HHS Panel Recommends New Combo Tab as Initial Therapy for HIV
A recommendation from the panel of the Department of Health & Human Services (HHS) states that based on safety and efficacy data, the fixed-dose combination tablet consisting of elvitegravir, cobicistat, emtricitabine, and tenofovir alafenamide (EVG/c/FTC/TAF) will be added as one of the recommended initial regimens for antiretroviral therapy (ART)-naive adults and adolescents with estimated creatinine clearance ≥30mL/min.
The Food and Drug Administration (FDA) recently approved tenofovir alafenamide as a component of the EVG/c/FTC/TAF fixed-dose combination tablet for use in some ART-naive and ART-experienced patients.
Tenofovir alafenamide, an oral prodrug of tenofovir, works as a reverse transcriptase inhibitor. Different from tenofovir disoproxil fumarate (TDF), TAF remains stable in plasma resulting in higher intracellular tenofovir concentrations. The lower tenofovir plasma concentration means a lower potential for adverse renal and bone effects with TAF than TDF.

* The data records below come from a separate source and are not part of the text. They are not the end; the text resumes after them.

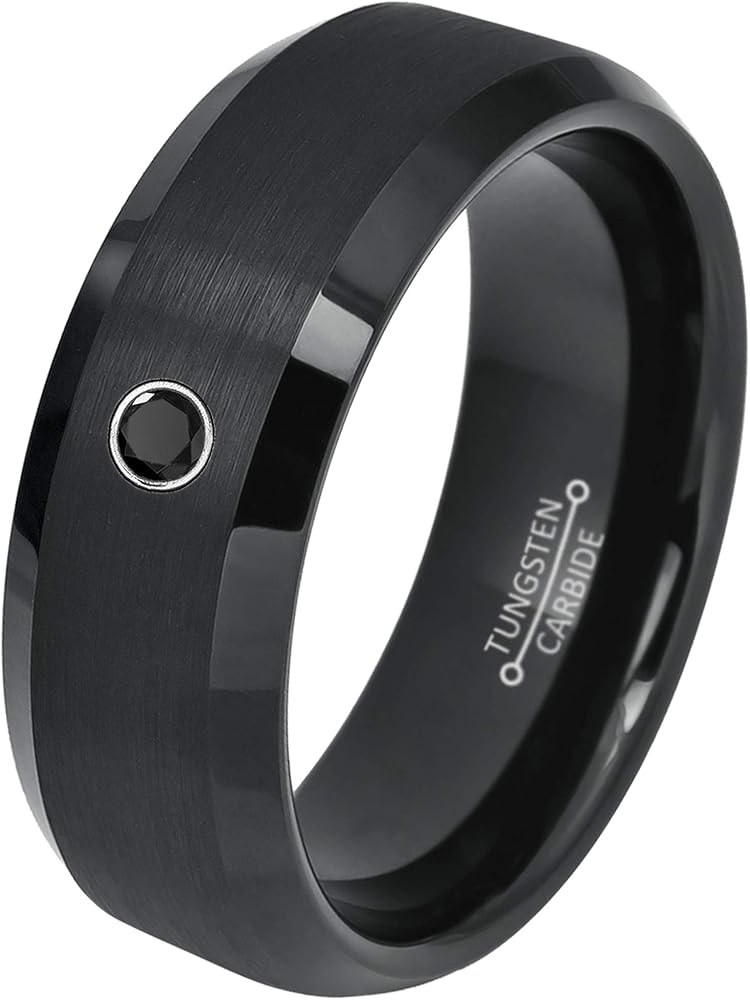 0.07ct Black Diamond Tungsten Ring - April Birthstone - 8MM Dome Black Ion-Plated Flat Brushed Finish Center Beveled Edge Comfort Fit Unisex Wedding Anniversary Band in Kuwait 0.07ct Black Diamond Tungsten Ring - April Birthstone - 8MM Dome Black Ion-Plated Flat Brushed Finish Center Beveled Edge Comfort Fit Unisex Wedding Anniversary Band in Kuwait
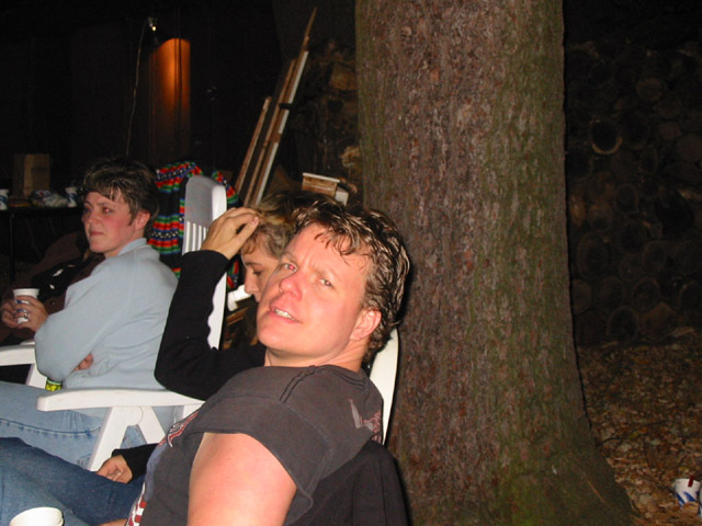 Here is a picture taken at a bonfire party I had in my back yard in November of 2001. I KNOW you can't see the fire in the picture!! Trust me, it's there. It was a great night for it, too ! The temp was somewhere in the 70's that night!!! About 40 people showed up. Some people brought guitars and jammed around the fire till the wee hours. It all wrapped about about 2 AM.
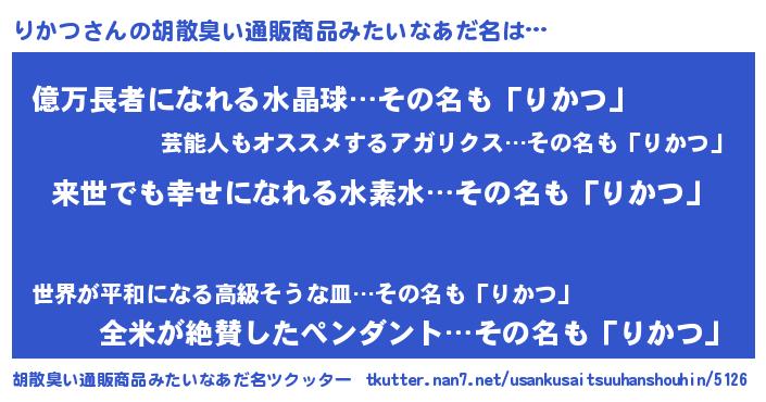 | ヘコむあだ名 | 『りかつ(遠い目)』『りかにゅー』 |
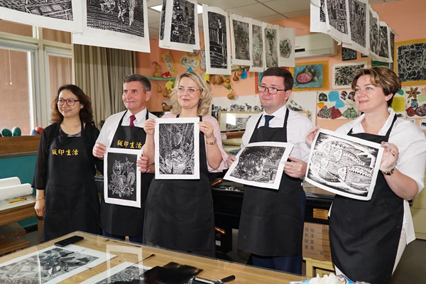 在书法教室,学生的书法作品吸引住了客人们的目光,大家饶有兴趣的拿起毛笔临摹下栩栩如生的“龙”字,书法教师齐振伟还现场挥毫写下“友谊地久天长”“福”字赠送给代表团成员。

The safety and efficacy of EVG/c/FTC/TDF vs. EVG/c/FTC/TAF in ART-naive HIV-infected adults with estimated glomerular filtration rate (eGFR) ≥50mL/min were evaluated in two randomized, double-blind Phase 3 studies. At 48 weeks, 92% (800/866) of the study patients randomized to TAF and 90% (784/867) of the study patients randomized to TDF achieved plasma HIV RNA <50 copies/mL. This showed TAF was noninferior to TDF when combined with EVG/c/FTC (95% CI: 0.7%–4.7%).
The safety and efficacy of EVG/c/FTC/TAF were further supported in an open-label study that evaluated virologically-suppressed patients with mild-moderate renal impairment (eGFR 30–69mL/min).